It could soon get more expensive to take transit to the Edmonton International Airport.

A report going to city council's community and public services committee next week raises the possibility of hiking fares and reducing service on Edmonton Transit route 747.

The route has operated from Century Park to the airport since April 2012, and was subsidized to the tune of $500,000 annually by the Edmonton Regional Airports Authority. That subsidy expired on April 30, 2017.

ETS has continued to offer the same service while the city looked for ways to increase revenue to pay for it.

Fares only pay for part of the service

The report said it will cost about $1.9 million to operate the service in 2018.

Fare revenues are expected to bring in only about $700,000, leaving a $1.2-million shortfall the city would have to cover.

The report said the city could look at increasing fares to ride route 747. Cash fares could go from $5 to $7.50, while a monthly pass could increase from $100 to $120.

The report said fare increases are usually followed by a decline in ridership, and predicted that ridership could fall by up to 11 per cent.

The increased fare, even with fewer people on the buses, would bring in an additional $160,000 each year, the report said.

The report noted that said fares for route 747 are significantly lower than those at other major airports serviced by public transit.

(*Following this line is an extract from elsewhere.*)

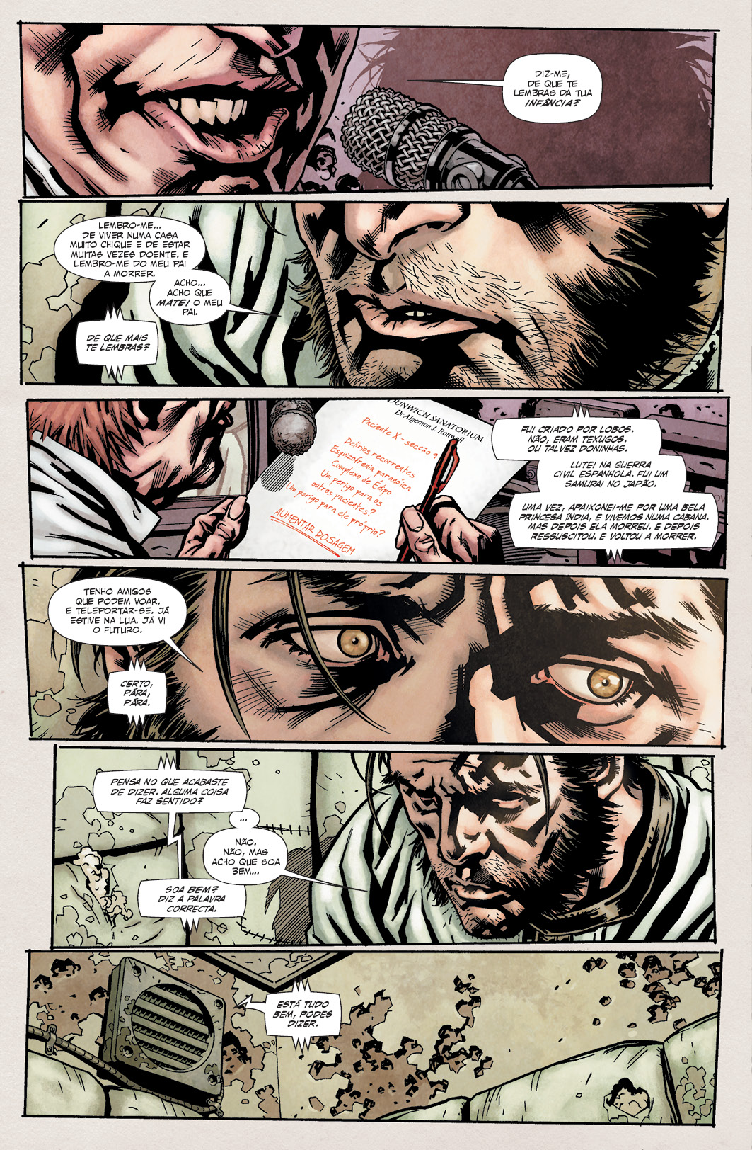 Mas agora perdeu tudo isso, memórias e compreensão, e está preso numa cela acolchoada, num asilo para loucos como nenhum outro. Sem memória de quem é, ou de como ali chegou, Wolverine está a mercê do misterioso Dr. Rottwell e dos seus guardas sádicos. E, enquanto Wolverine luta para descobrir quem ele realmente é, e como foi parar a um sanatório cheio de assassinos psicopatas, torna-se claro que os objectivos do Dr. Rottwell são tudo menos altruístas. Conseguirá Wolverine voltar aos seus sentidos antes de sucumbir a uma das terríveis curas do doutor?

Fewer buses also a possibility

City council could also consider saving money by reducing the frequency of buses on route 747.

The service runs about 20 hours a day, starting from Century Park at 4:10 a.m. and ending at the airport at 12:18 a.m.

The report said service could be cut back to once an hour, even during peak hours, with the last bus running at 10 p.m.

Adam Plotnikov, who rides route 747 about twice a week, said he doesn't want to see service reduced.

"I don't want to pay more, but if it's a matter of having the service or, say, cutting the service, I'd rather pay more."

Plocnikoz said even if fares go up, the bus would still be the most economical way to get to the airport.

"It costs double the amount of money to take a shuttle, and obviously a lot more money to take a cab," he said.  "So it may not be that bad a thing to raise the rates to keep the service."

The city committee will debate the report at its meeting on Monday.